In the above example, the outcome of first print is

2 0 0 0
[torch.FloatTensor of size 1x4]

which is exactly the derivative of z_1 w.r.t to x.

The outcome of second print is :

0 2 0 0
[torch.FloatTensor of size 1x4]

which is the derivative of z_2 w.r.t to x.

Now if use a weight of [1, 1, 1, 1] to calculate the derivative of z w.r.t to x, the outcome is 1*dz_1/dx + 1*dz_2/dx + 1*dz_3/dx + 1*dz_4/dx. So no surprisingly, the output of 3rd print is:

2 2 2 2
[torch.FloatTensor of size 1x4]

It should be noted that weight vector [1, 1, 1, 1] is exactly derivative of loss w.r.t to z_1, z_2, z_3 and z_4. The derivative of loss w.r.t to x is calculated as:

d(loss)/dx = d(loss)/dz_1 * dz_1/dx + d(loss)/dz_2 * dz_2/dx + d(loss)/dz_3 * dz_3/dx + d(loss)/dz_4 * dz_4/dx

So the output of 4th print is the same as the 3rd print:

2 2 2 2
[torch.FloatTensor of size 1x4]


Typically, your computational graph has one scalar output says loss. Then you can compute the gradient of loss w.r.t. the weights (w) by loss.backward(). Where the default argument of backward() is 1.0.
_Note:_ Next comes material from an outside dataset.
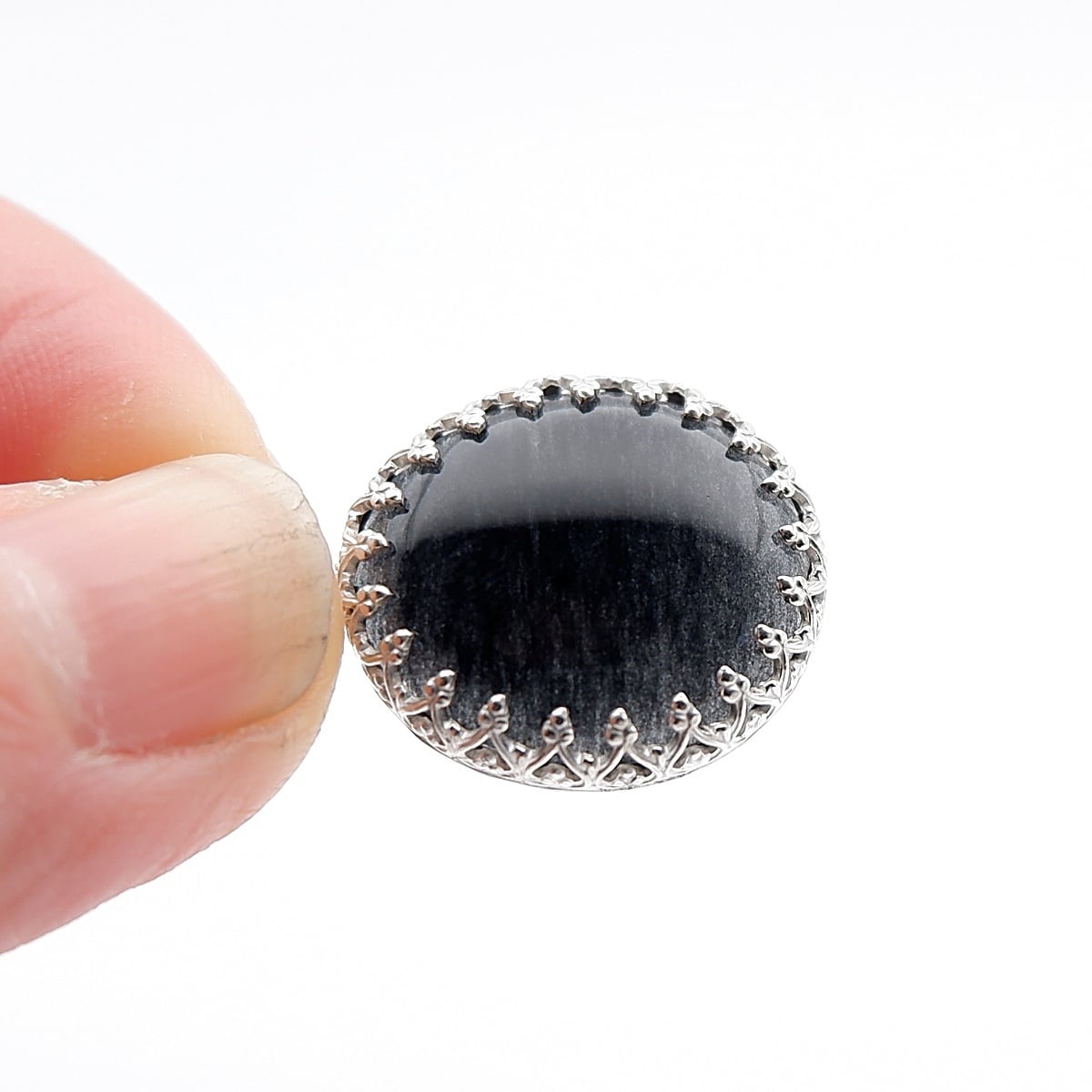 石の厚みを薄くしているので、透光性があり光に翳すと薄っすらインクルージョンが見られます。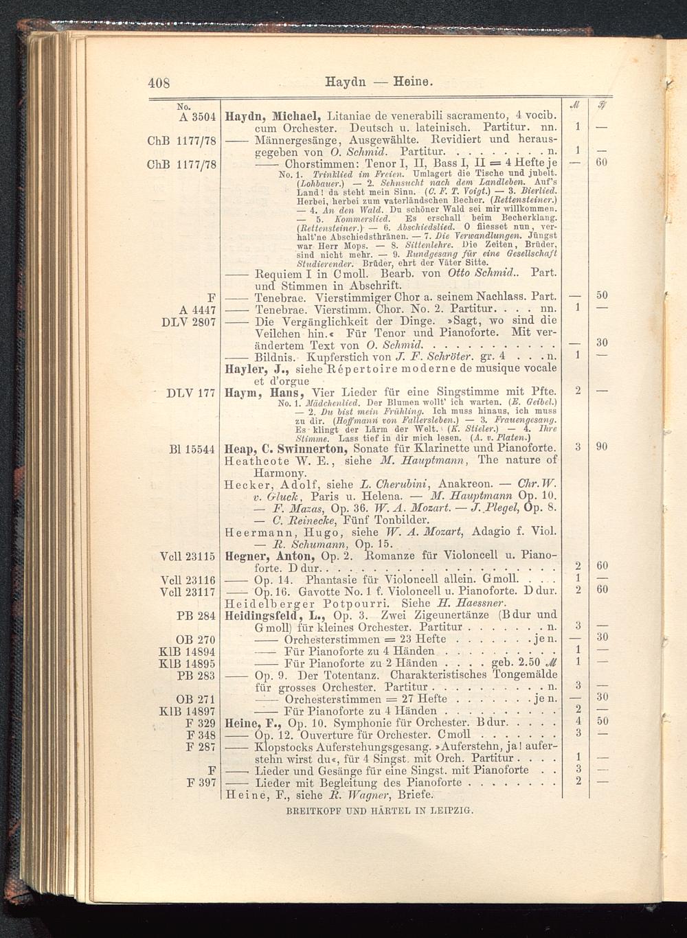 Verzeichnis des Musikalien-Verlages von Breitkopf & Härtel in Leipzig vollständig bis 1902

If your output has multiple values (e.g. loss=[loss1, loss2, loss3]), you can compute the gradients of loss w.r.t. the weights by loss.backward(torch.FloatTensor([1.0, 1.0, 1.0])).

Furthermore, if you want to add weights or importances to different losses, you can use loss.backward(torch.FloatTensor([-0.1, 1.0, 0.0001])).

This means to calculate -0.1*d(loss1)/dw, d(loss2)/dw, 0.0001*d(loss3)/dw simultaneously.